La flexibilité du matériau joue ici un rôle concret. Le polybutène est réputé particulièrement flexible, avec un rayon de courbure minimal de 5 fois le diamètre extérieur, contre 7 fois le diamètre extérieur pour le PER selon PagesJaunes. Cette différence peut compter dans les zones plus contraignantes.

Un plancher chauffant ne se limite pas aux tubes. Il faut aussi prévoir les collecteurs, dalles isolantes, raccords, agrafes et accessoires associés. WaterOut rappelle cette logique d’ensemble, avec des services pratiques comme l’expédition sous 24 h, la livraison dès 100 € et plus de 2000 avis clients vérifiés.

Combien de temps durent les tuyaux d’un plancher chauffant ?

La durée de vie des tuyaux chauffage au sol se compte généralement en décennies lorsque le bon matériau est choisi, que la pose est propre et que le circuit est protégé contre l’oxygène. Les tubes PER et PB sont présentés comme ayant une excellente tenue dans le temps et une bonne résistance aux contraintes mécaniques. Certains multicouches affichent même des garanties commerciales longues, jusqu’à 50 ans pour le modèle Conecterm cité par Planchez-Moi.

La vraie différence entre une installation durable et une installation qui se dégrade prématurément tient souvent à trois points :

  • la qualité du tube,
  • la présence d’une barrière anti-oxygène,
  • le respect des règles de pose et de dimensionnement.

Un tube économique mal choisi peut sembler intéressant au départ, mais coûter davantage en entretien, en désembouage ou en pertes de performance. À l’inverse, un PER BAO ou un multicouche bien dimensionné apporte une base saine pour plusieurs décennies de fonctionnement.
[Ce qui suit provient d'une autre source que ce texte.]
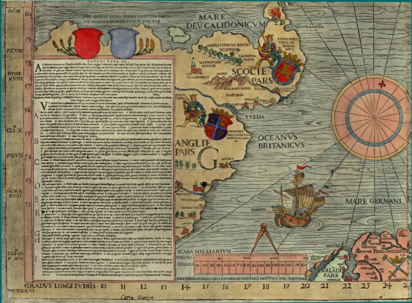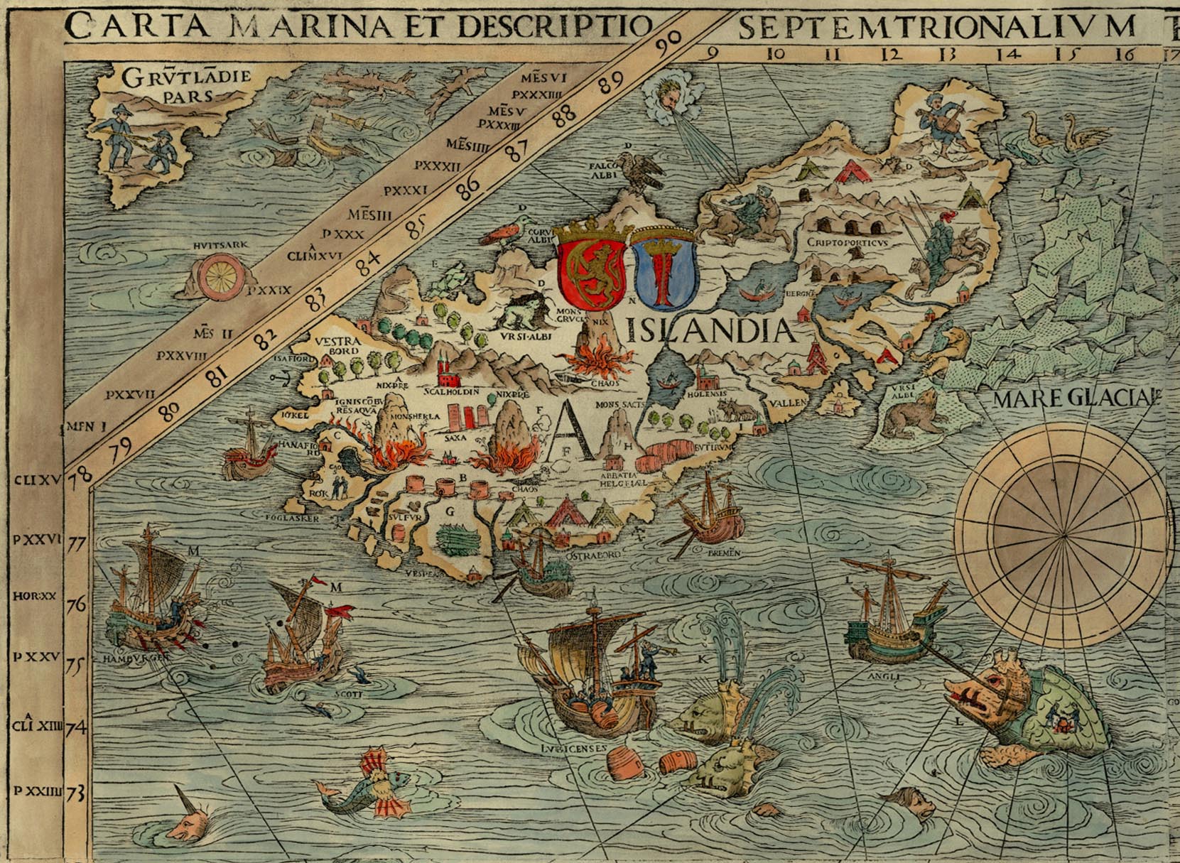 The Carta Marina was made at the beginning of the Age of Discovery (or Age of Exploration), when a residual belief in fantastic beings such as unicorns and hybrid human-animal races, still persisted in the European imagination. As a result, the map teems with imaginary characters. But that is not all. It also shows a “variety of marine activities, commercial traffic, fishing, the measuring of water depth and boats in distress” (T. Rossby, Graduate School of Oceanography, University of Rhode Island), which is unusual for the time.
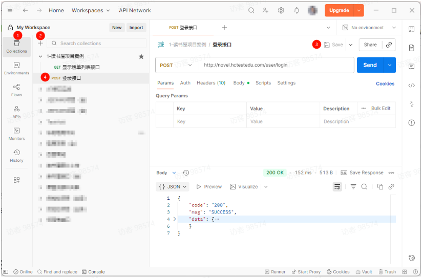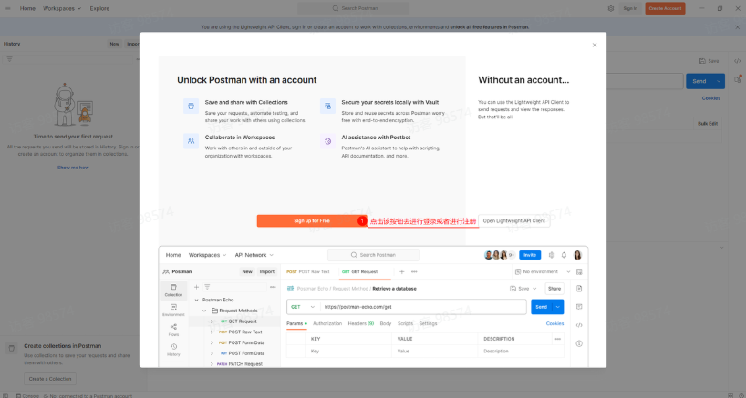 如下图,按照提示去进行登录或者注册即可。【Postman有时候会有点慢,多尝试几次。】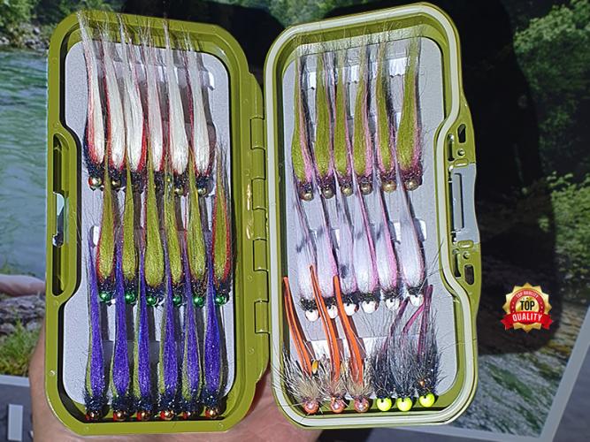 Popularne barve naše najboljše potezanke - Leech Pijavke tokrat zbrane v lovnem kompletu ter pregledni škatli za shranjevanje! Potezanke so vezane iz kvalitetnih materialov na jig trnke japonskega proizvajalca Tiemco ter zdržijo dosti prijemov večjih postrvi! VSE barve so preizkušene po postrvjih vodah Slovenije, zahodne ter srednje Evrope, pa tudi Skandinavije. Zelo lovne so tudi na akumulacijskih jezerih slovenskih rek. Skratka - nakup brez tveganja!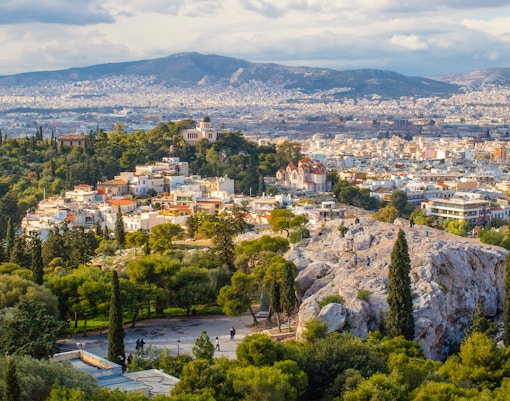 Una breve ma ripida scalata per raggiungere una piattaforma rocciosa che domina l'Acropoli e lo skyline della città.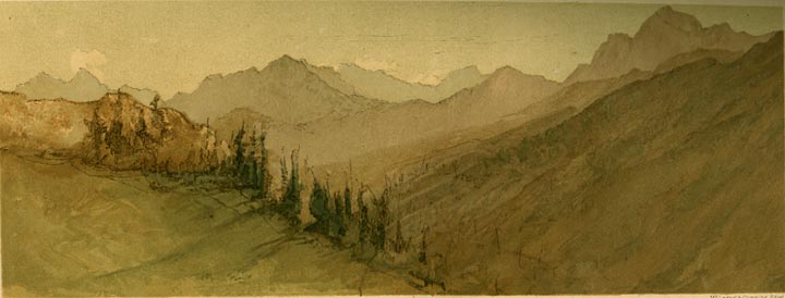 Montañas del lago de Annecy por John Ruskin, 1819-1900. Acuarelas. Fuente: Obras, XVII, frente a lxxxi. La imagen escaneada, texto, traducción por George P.Landow Esta imagen se puede usar sin autorización previa para cualquier propósito académico o educativo, siempre y cuando mencione (1) el nombre del fotógrafo y (2) enlace el documento a esta dirección URL.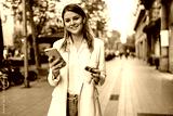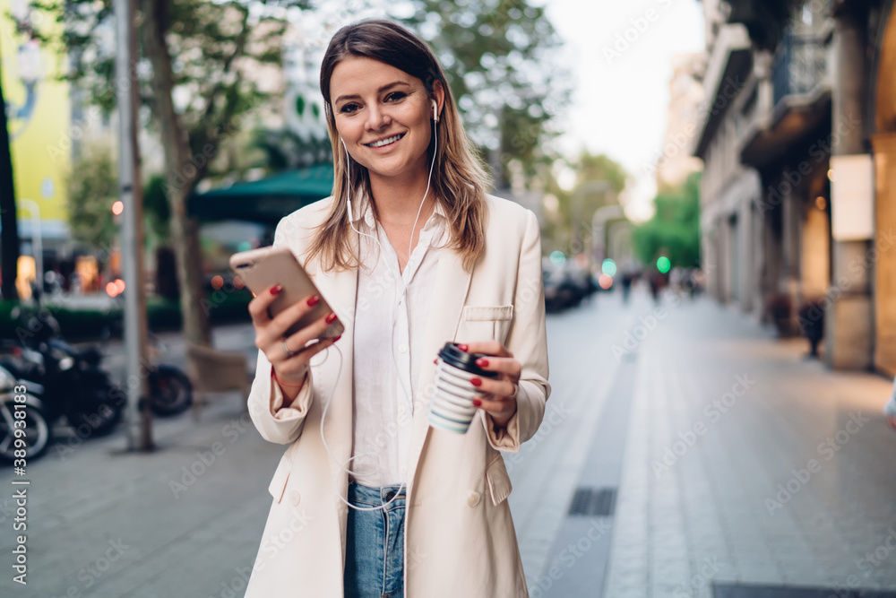 Portrait of happy female millennial with mobile technology and takeaway caffeine beverage smiling at camera while exploring city during travel vacations, pretty Caucasian woman in headphones

Pour un projet résidentiel classique, le choix le plus équilibré reste souvent un tube 16 x 2 avec BAO, de classe 4, acheté chez un distributeur fiable et associé à des composants compatibles. C’est la combinaison la plus cohérente pour obtenir un plancher chauffant stable, efficace et simple à maintenir sur le long terme.